** GIVEN MATERIAL follows **

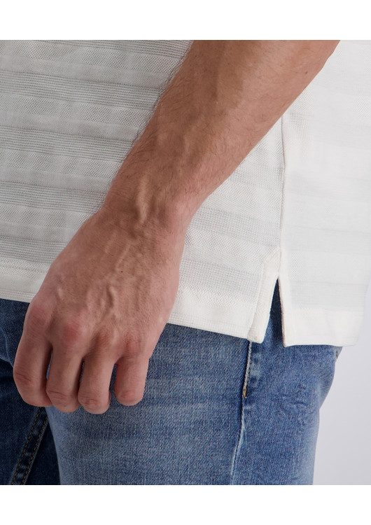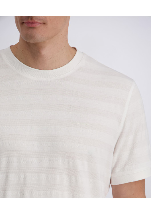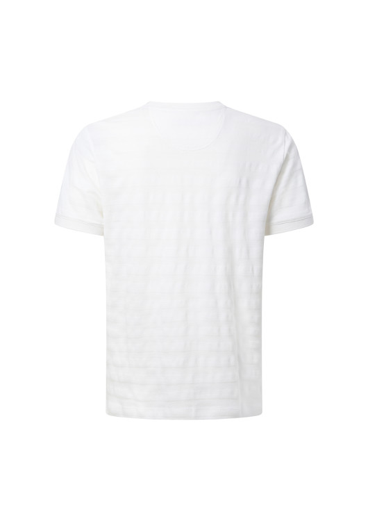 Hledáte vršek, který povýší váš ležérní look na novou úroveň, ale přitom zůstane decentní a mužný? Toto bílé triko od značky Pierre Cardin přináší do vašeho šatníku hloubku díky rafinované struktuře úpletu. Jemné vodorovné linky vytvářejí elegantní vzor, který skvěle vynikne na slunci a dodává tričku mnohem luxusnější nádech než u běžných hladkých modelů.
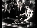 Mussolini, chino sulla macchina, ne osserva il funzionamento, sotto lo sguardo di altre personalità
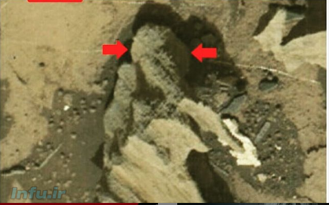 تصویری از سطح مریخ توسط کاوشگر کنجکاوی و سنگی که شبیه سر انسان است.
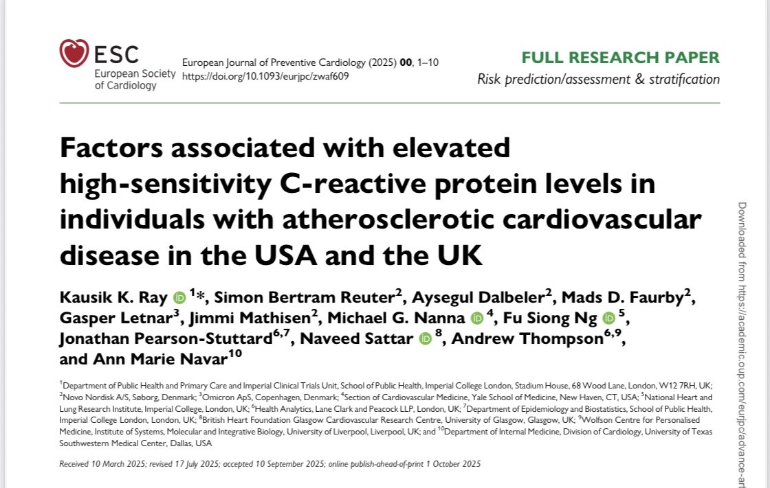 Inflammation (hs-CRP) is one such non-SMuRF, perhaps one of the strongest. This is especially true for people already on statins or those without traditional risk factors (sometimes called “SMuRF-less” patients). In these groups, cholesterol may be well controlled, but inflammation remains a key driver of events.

** End of GIVEN MATERIAL **

### REQUIREMENT
Word-for-word repeat, images excluded: return all the data.

### REPLY TO THE EXERCISE
 Hledáte vršek, který povýší váš ležérní look na novou úroveň, ale přitom zůstane decentní a mužný? Toto bílé triko od značky Pierre Cardin přináší do vašeho šatníku hloubku díky rafinované struktuře úpletu. Jemné vodorovné linky vytvářejí elegantní vzor, který skvěle vynikne na slunci a dodává tričku mnohem luxusnější nádech než u běžných hladkých modelů.
 Mussolini, chino sulla macchina, ne osserva il funzionamento, sotto lo sguardo di altre personalità
 تصویری از سطح مریخ توسط کاوشگر کنجکاوی و سنگی که شبیه سر انسان است.
 Inflammation (hs-CRP) is one such non-SMuRF, perhaps one of the strongest. This is especially true for people already on statins or those without traditional risk factors (sometimes called “SMuRF-less” patients). In these groups, cholesterol may be well controlled, but inflammation remains a key driver of events.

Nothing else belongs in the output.